Note: The deploy command auto-detects workflow.yaml in the current directory and reads connection settings from connections.yaml. No extra flags needed when working from the project directory!

You'll see output showing:

  • Model being processed and materialized
  • Mappings being compiled and loaded
  • Workflow being registered
  • Database objects being created (tables, views, stored procedures)

Checkpoint: "Deployment completed successfully"

What just happened? The deploy command automatically:

  1. Compiled and materialized your YAML model to the internal database
  2. Compiled and materialized your YAML mappings
  3. Registered the workflow
  4. Created all necessary database structures in your data warehouse

Everything happens in one command - no separate compile/materialize steps needed!

Execute the Transformation!

Now for the moment of truth - transform your data!

# From olist-quickstart/ directory
daana-cli execute

Note: Like deploy, the execute command auto-detects workflow.yaml and uses your connection settings automatically.

This will:

  1. Extract data from Olist source tables
  2. Transform according to your mappings
  3. Load into daana_dw schema in your data warehouse

You'll see:

Workflow execution completed successfully

Checkpoint: "Workflow execution completed successfully"

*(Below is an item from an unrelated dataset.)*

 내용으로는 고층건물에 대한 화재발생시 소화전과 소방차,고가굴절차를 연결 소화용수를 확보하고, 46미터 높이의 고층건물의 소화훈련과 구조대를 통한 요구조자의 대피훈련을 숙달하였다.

Part 6: View Your Results! (2 min)

See Your Transformed Data

# Connect to customerdb
docker exec -it daana-customerdb psql -U dev -d customerdb

Inside psql:

-- See views to access the transformed data
\dv daana_dw.*
 
-- Query your clean CUSTOMER entity
SELECT * FROM daana_dw.view_customer LIMIT 10;
 
-- Count customers
SELECT COUNT(*) FROM daana_dw.view_customer;
 
-- See orders
SELECT * FROM daana_dw.view_order LIMIT 10;
 
-- Join customers and orders
SELECT
  c."CUSTOMER_CITY",
  c."CUSTOMER_STATE",
  COUNT(*) as order_count
FROM daana_dw.view_customer c
JOIN daana_dw.view_order_customer_x x ON c.customer_key=x.customer_key
JOIN daana_dw.view_order o ON x.order_key = o.order_key
GROUP BY c."CUSTOMER_CITY", c."CUSTOMER_STATE"
ORDER BY order_count DESC
LIMIT 10;

🎉 Congratulations! You've transformed raw operational data into clean business entities!


What You Accomplished

✅ Loaded real-world e-commerce data (Olist) ✅ Defined business entities with proper definitions and descriptions ✅ Mapped source tables to your model ✅ Learned to iterate on models without losing work ✅ Executed a complete transformation pipeline ✅ Created queryable business entities in daana_dw schema

Understanding What Happened

Before

  • Raw tables: stage.olist_customers_dataset, stage.olist_orders_dataset, stage.olist_products_dataset
  • Operational structure (how the system works)
  • Mixed concerns, denormalized, messy

After

  • Clean tables: daana_dw.customer, daana_dw.order
  • Business structure (what analysts need)
  • Self-documenting with definitions and descriptions
  • Ready for BI tools!

Next Steps

Explore the Olist Dataset Further

Try adding more entities:

  • PRODUCT (from olist_products)
  • SELLER (from olist_sellers)
  • REVIEW (from olist_order_reviews)

Learn More About DMDL

Connect Your BI Tool

Your transformed data in daana_dw is ready for:

  • Tableau
  • Power BI
  • Looker
  • Metabase

Connection details:

Host: localhost
Port: 5432
Database: customerdb
Schema: daana_dw
User: dev
Password: devpass

Experiment!

Try these challenges:

  1. Add CUSTOMER_NAME by concatenating first and last name
  2. Calculate ORDER_TOTAL from order items
  3. Add a PRODUCT entity
  4. Create a relationship between ORDER and PRODUCT

Troubleshooting

No data in daana_dw tables

Check that:

  • Source tables have data: SELECT COUNT(*) FROM stage.olist_customers_dataset;
  • Mappings are correct: Review your *-mapping.yaml files
  • Workflow references the right mappings

Compilation errors

  • "Entity not found": Check entity names match exactly (case-sensitive)
  • "Invalid attribute type": Use STRING, NUMBER, TIMESTAMP, BOOLEAN
  • "Missing definition": All entities and attributes need definition and description fields!

Execution fails

  • Check connection profile points to correct database
  • Verify source tables exist: \dt in psql
  • Check logs: docker logs daana-customerdb

Need Help?


Ready to build your own models? You now have all the skills to transform any operational data into clean business entities with Daana CLI!